Always have cranberry sauce with your turkey.
- Cranberry sauce is a culinary condiment or sauce used to flavour other food dishes.
- ‘Cranberry sauce’ is also known as ‘cranberry jelly’, and it is bought in cans or jars from supermarkets, or made at home.
- The primary ingredients of cranberry sauce are sugar, cranberries and water, and sometimes other ingredients and flavourings are added.
- Cranberry sauce is typically made by mixing together and boiling the ingredients, as in jam making, causing the elements to combine and thicken and the cranberries to burst.
- Cranberry sauce can be a semi-liquid or a jelly-solid, and it is usually served scooped out of a jar with a spoon, or sliced.
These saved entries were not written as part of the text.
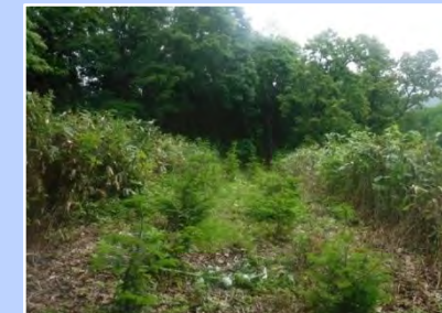
雑草や灌木を刈り払う作業実施 (宗谷森林管理署)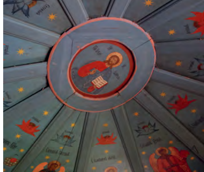
^ Рис. 6. Расписное небо в часовни Св. апостола Иоанна Богослова. Дер. Зехнова.

лись оградой. Внутри подобных священных роц могли располагаться: часовня, крест, особо почитаемое дерево, целебный источник, камень. Принципиальное значение в роце приобретает ее свойство границы, в особенности при расположении в поле или на возвышенности. Сюда приходили лечиться, пить воду, молиться. При этом на деревьях вблизи источников, на иконах и крестах оставляли одежду, ткань, ленты, деньги и другие приношения. Здесь же совершались крестные ходы в празд-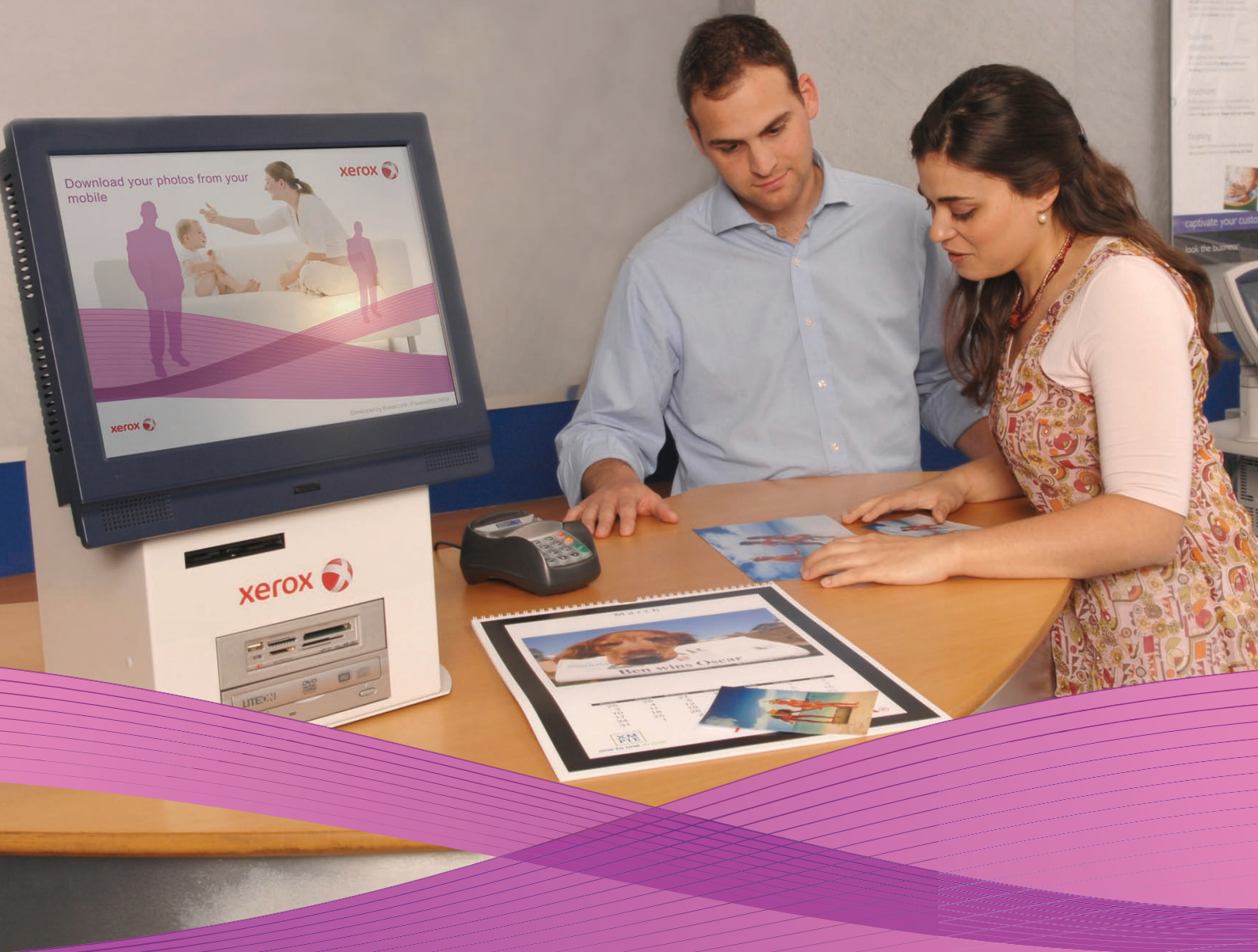
Foto Kiosco Xerox en asociación con Imaxel Productos fotográficos fascinantes y rentables con la prensa digital Xerox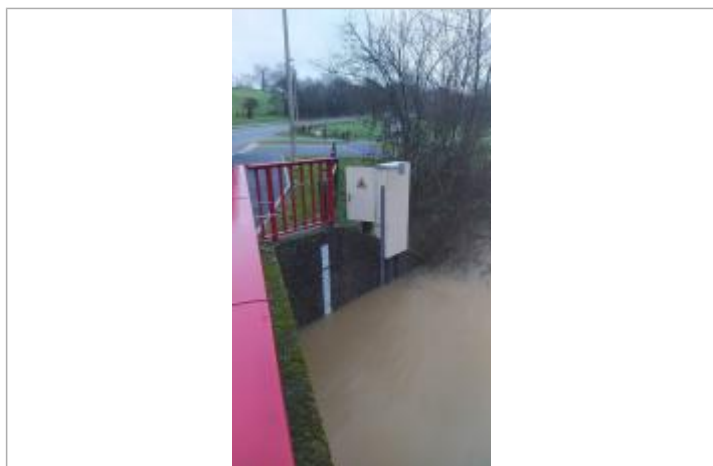
Station de l'Ise à Bourg-Barré (photo prise le 25/01/2025 pas au maximum de la crue)

Différence entre le niveau d'eau et la référence (en m) : 2.100 m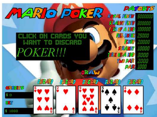
Abbildung 4: "Kindgerechtes" Pokerspiel um virtuelles Geld als Flashspiel

Auf vielen Flashspiele-Seiten, welche Skill-Games anbieten, bekommen Kinder und Jugendliche durch das Genre „Casino“ auch erste Kontakte zu Glücksspielen. Im Gegensatz zu kommerziellen Glücksspiele-Seiten wird hier gegen den Computer und um virtuelle Einsätze gespielt.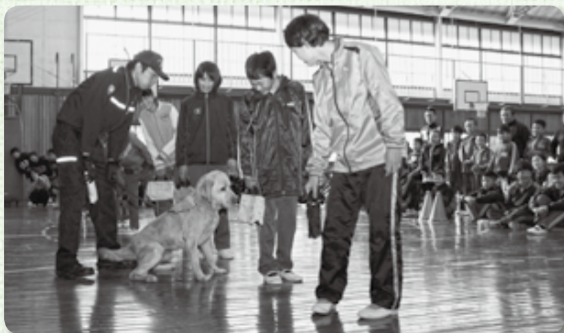
▲発見すると、座り込んで教える麻薬探知犬

神南小学校で2月8日に成田空港で勤務する税関職員を招いて、薬物乱用防止教室が行われました。参加した、5、6年生32人と保護者たちは、薬物の危険性の話のほか、税関の不正薬物の水際阻止や麻薬探知犬が薬物を検知する様子を体験しました。全校児童が参加して特に盛り上がった麻薬探知犬のデモンストレーションは、一列に並んだ子どもたちのバッグを麻薬探知犬が嗅ぎ分けて、麻薬のにおいがするバッグを当てるといったもの。子どもたちは身を乗り出して麻薬探知犬の行動を見守り、見事当てると会場から大きな拍手が起きました。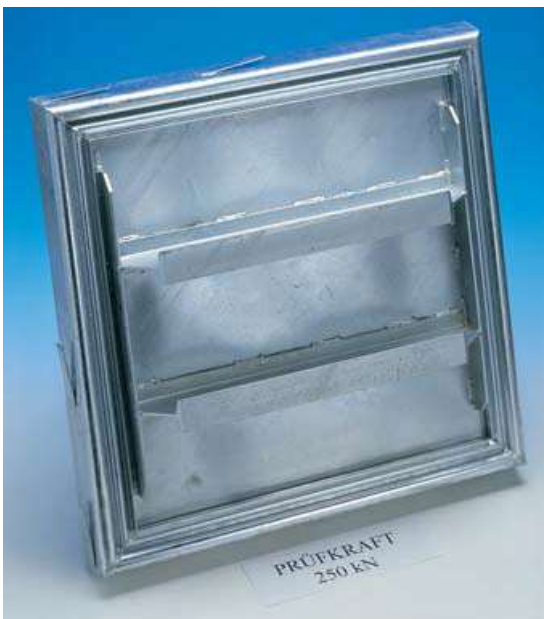
Tipul BVS-250 Partea inferioară a vanei rigidizată cu grinzi I și oțel plat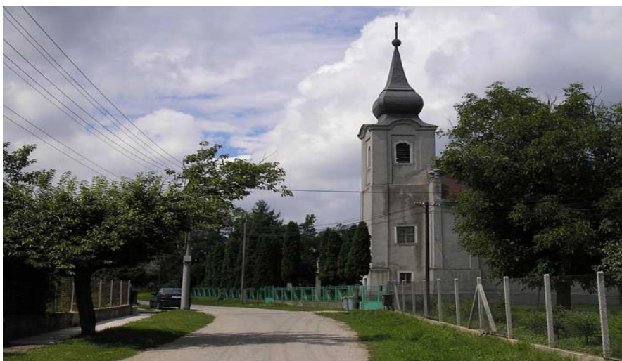
Kostol rímskokatolíckej cirkvi

Medzi pamätne stavby obce Beša patrí rímskokatolícky kostol Sv. Anny z roku 1770. Medzi mladšie pamätihodnosti môžeme zaradiť kostol reformovanej kresťanskej cirkvi , ktorý bol vybudovaný v roku 1963 a drevenú zvonnicu v centre obce.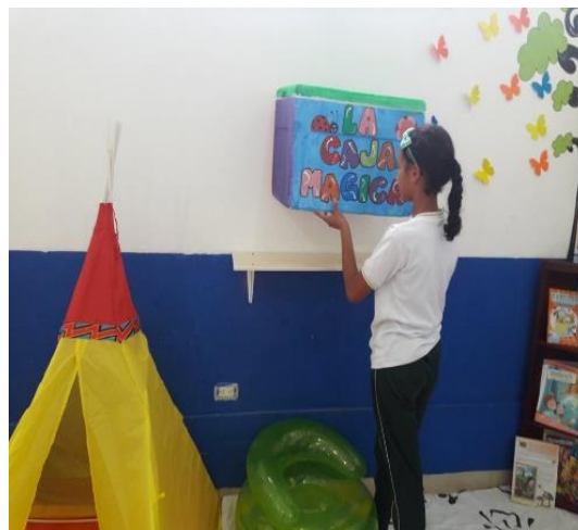
Creación del rincón literario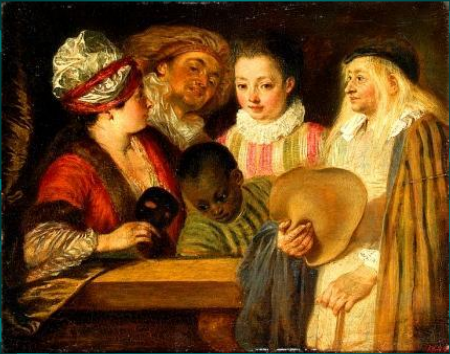
Антуан Ватто. Актеры французского театра.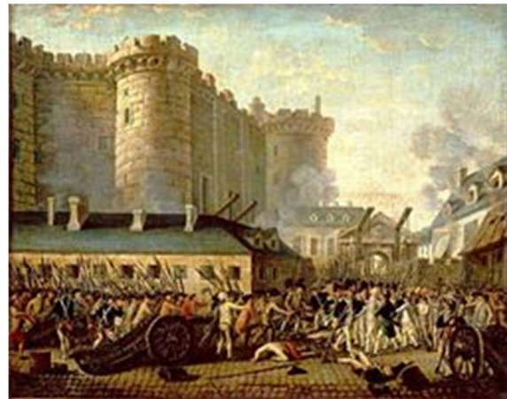
Prise de la Bastille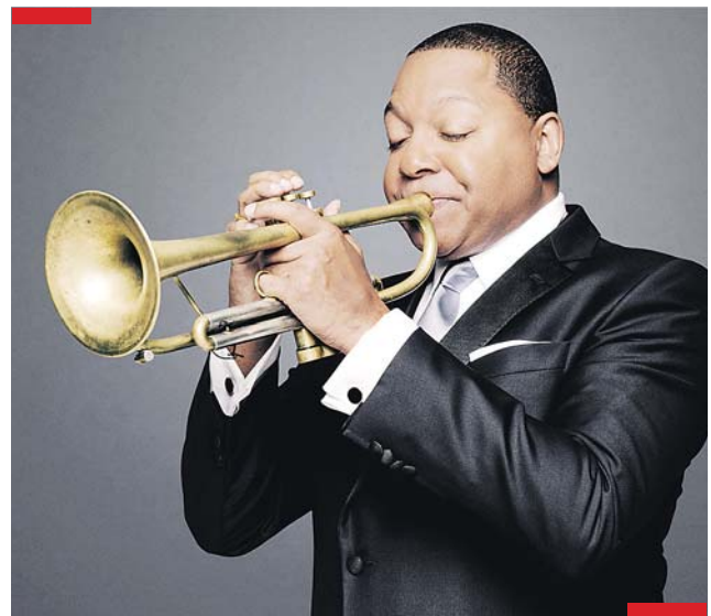
Wynton Marsalis a kapela Jazz at Lincoln Center Orchestra zahrají v Brně 1. února.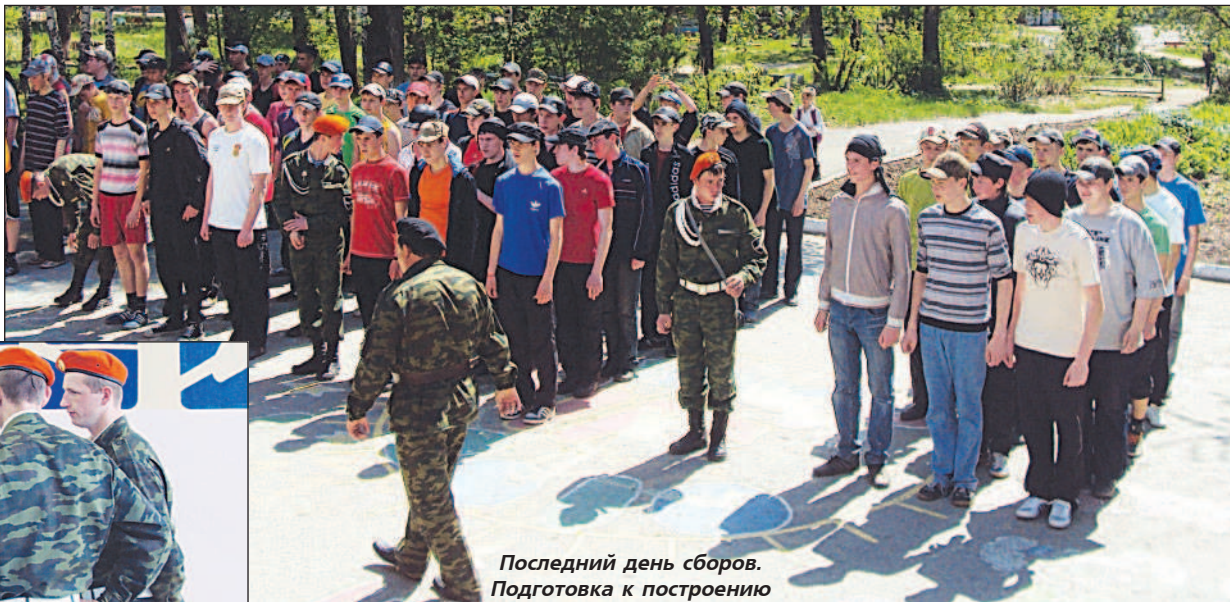
Последний день сборов. Подготовка к построению

Очень приятно, что в школах с октября 2010 года заработала программа военно-патриотического вос-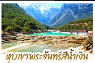
เขุบเขาพระจันทร์สีน้ำเงิน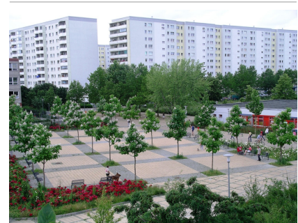
Blick auf den westlichen Bahnhofsvorplatz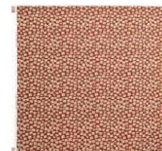
Belle Amie VAXDUK METERVARA Terrakotta Bredd 150 cm 100% Bomull 102075-0018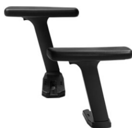
Brazos 3D/4D. 3D Regulables en altura, profundidad y giro. 4D Regulable en altura, profundidad, giro y ancho entre brazos.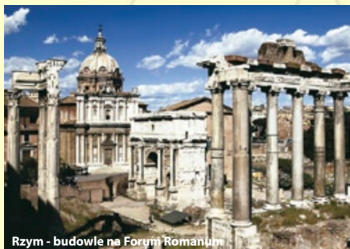
Rzym - budowle na Forum Romanum

Dzień 5: Śniadanie, przejazd do starożytnego miasta w POMPEJACH – wstęp na teren Muzeum Archeologicznego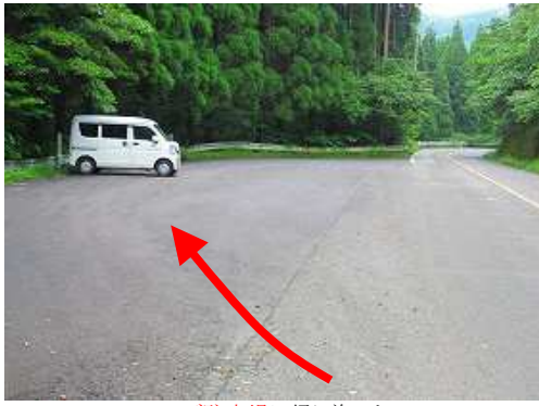
ルンゼ駐車場に帰り着いた。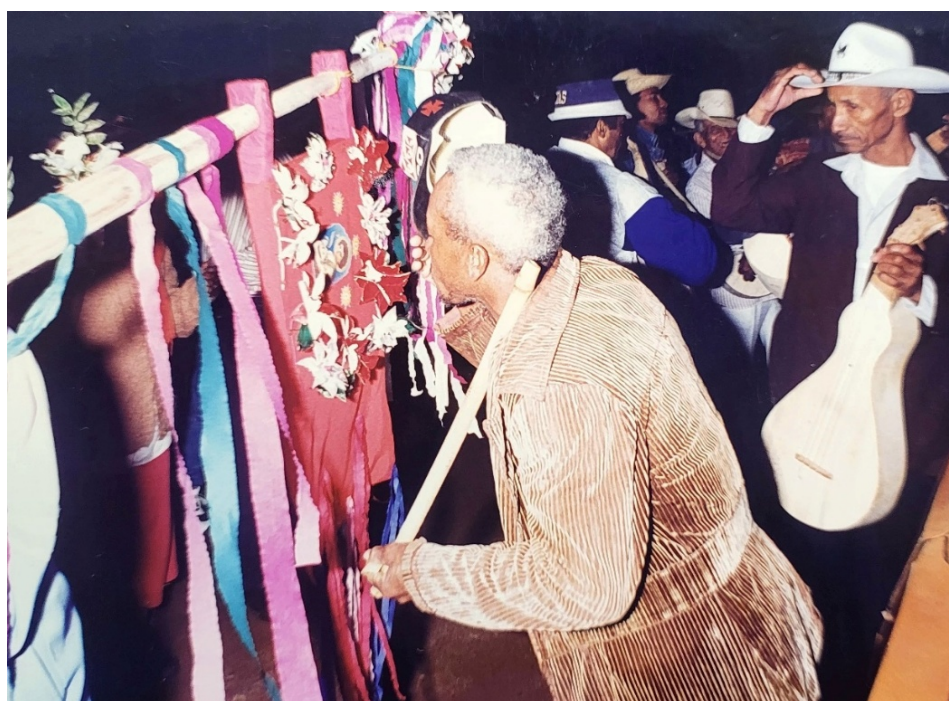
Figura 1. Cururueiros saúdam a bandeira de São João.

Cuiabá/MT, junho/1996.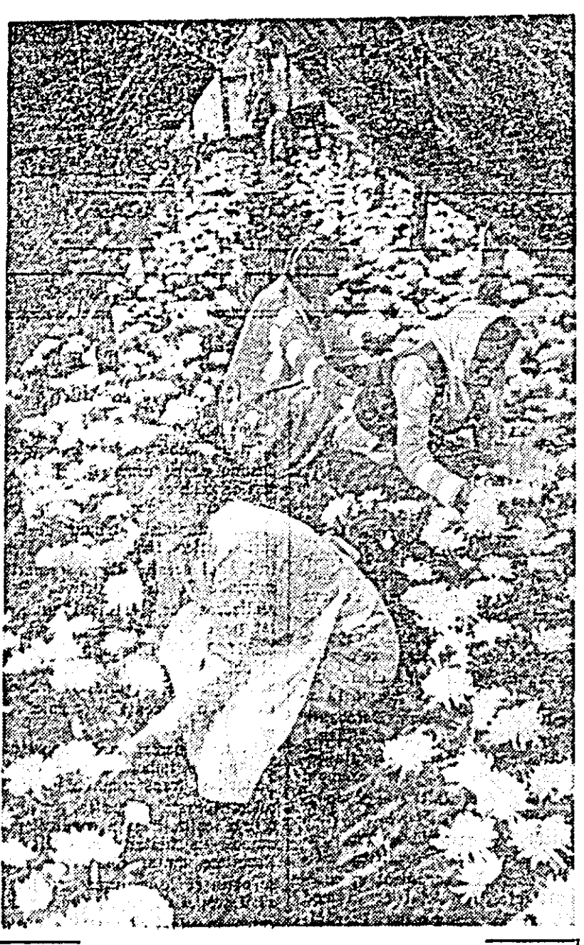
E toamnă tirzie și întreaga natură se pregătește pentru iarnă. Doar aici, în serele grădiniștii orașului, e primăvară veșnică. Prin grija deosebită a oamenilor care lucrează aici, florile sînt ferite de capriciile vremii, se dezvoltă nestingherite, împodobindu-ne și în anolimpul rece locuințele, vitrinele, birourile.

Navele vor fi construite la un înalt nivel tehnic și dotate cu echipamente și utilaje moderne asigurîndu-se un înalt grad de automatizare. Livrarea acestor nave urmează să se efectueze începînd din trimestrul IV 1965, eşalonat pînă la finele trimestrului III al anului 1967. Valoarea contractului este de cca. 36 milioane dolari. Plățile se vor face — în cadrul echilibrului romino-japonez în mod eşalonat, pînă în anul 1974 inclusiv. (Agerpres)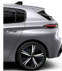
GT 18' Alloy Kamakura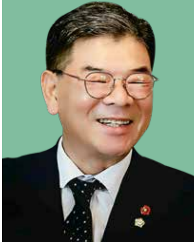
양재영 의원 [제257회 임시회]

우리 시는 22년 12월, 생활폐기물 위생매립장의 사용기간 연장과 매립용량 증설 추진에 대한 협약을 맺어 2040년까지는 매립장 사용 문제를 해결해놓은 상황이다.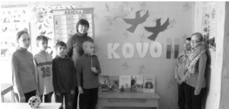
Mažesniųjų grupės vaikai.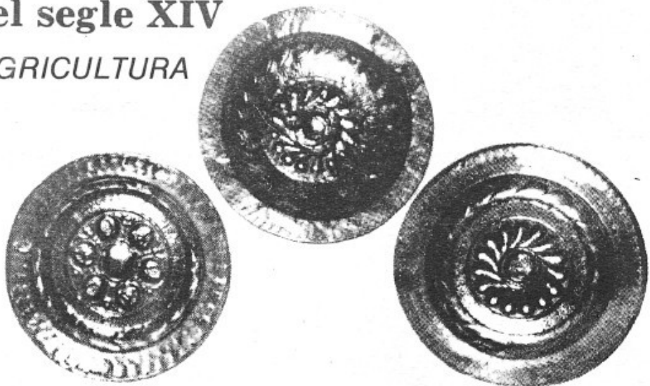
Plats de dinant de llautó repujat del segle XV utilitzats com a bacines. Es guarden a la sagristia de l'església parroquial.

La compra de gra (blat, principalment) i el consegüent endeutament, era molt comú, la qual cosa ens fa pensar que les collites no devien ésser molt bones. Després d'haver-ne retirat un poc per a menjar, un altre per a pagar censos i altres (els impostos de llavors) i els deutes, ja no quedava res; i per a sembrar l'any vinent, una altra vegada a comprar i més deutes. Era la roda de sempre.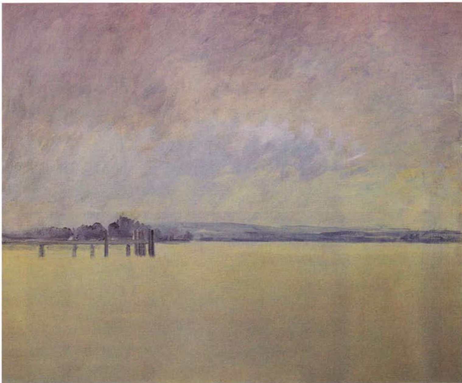
Embarcadère, 100 x 120 cm.

Plus que jamais les tableaux de Daniel Aeberli nous font pénétrer dans un univers d'espace, de sérénité, de plénitude. La lumière y occupe toujours une place prépondérante, l'espace y est travaillé au gré des endroits dont le peintre s'inspire au cours des longues promenades faites avec ses chiens dans la nature, ici, dans les forêts des alentours, au bord du lac, le long des chemins de vignes ou encore en Valais, à Venise ou en Toscane. Toujours il observe, il s'imprègne des ambiances particulières ressenties au plus profond de lui-même, sa mémoire les retenant et, une fois dans son atelier, face à sa toile, il restitue l'essentiel de ce qui l'a touché.

- Cranberry sauce is traditionally eaten on either Thanksgiving or Christmas, often accompanying a turkey dish, and it is also sometimes served with other meats.
- The general taste of cranberry sauce varies from country to country; American versions are generally sweet, while European versions tend to be a bit sour.
- The earliest known recorded mention of cranberry sauce was in 1663, in a cookbook; more than 40 years after the first Thanksgiving dinner in the United States.
- Commercialised cranberry sauce became available in cans in 1912 and were popularised in the 1930s with the introduction of Ocean Spray’s version.
- Cranberry sauce is high in vitamin E, fibre and manganese, and it also contains significant quantities of sugar.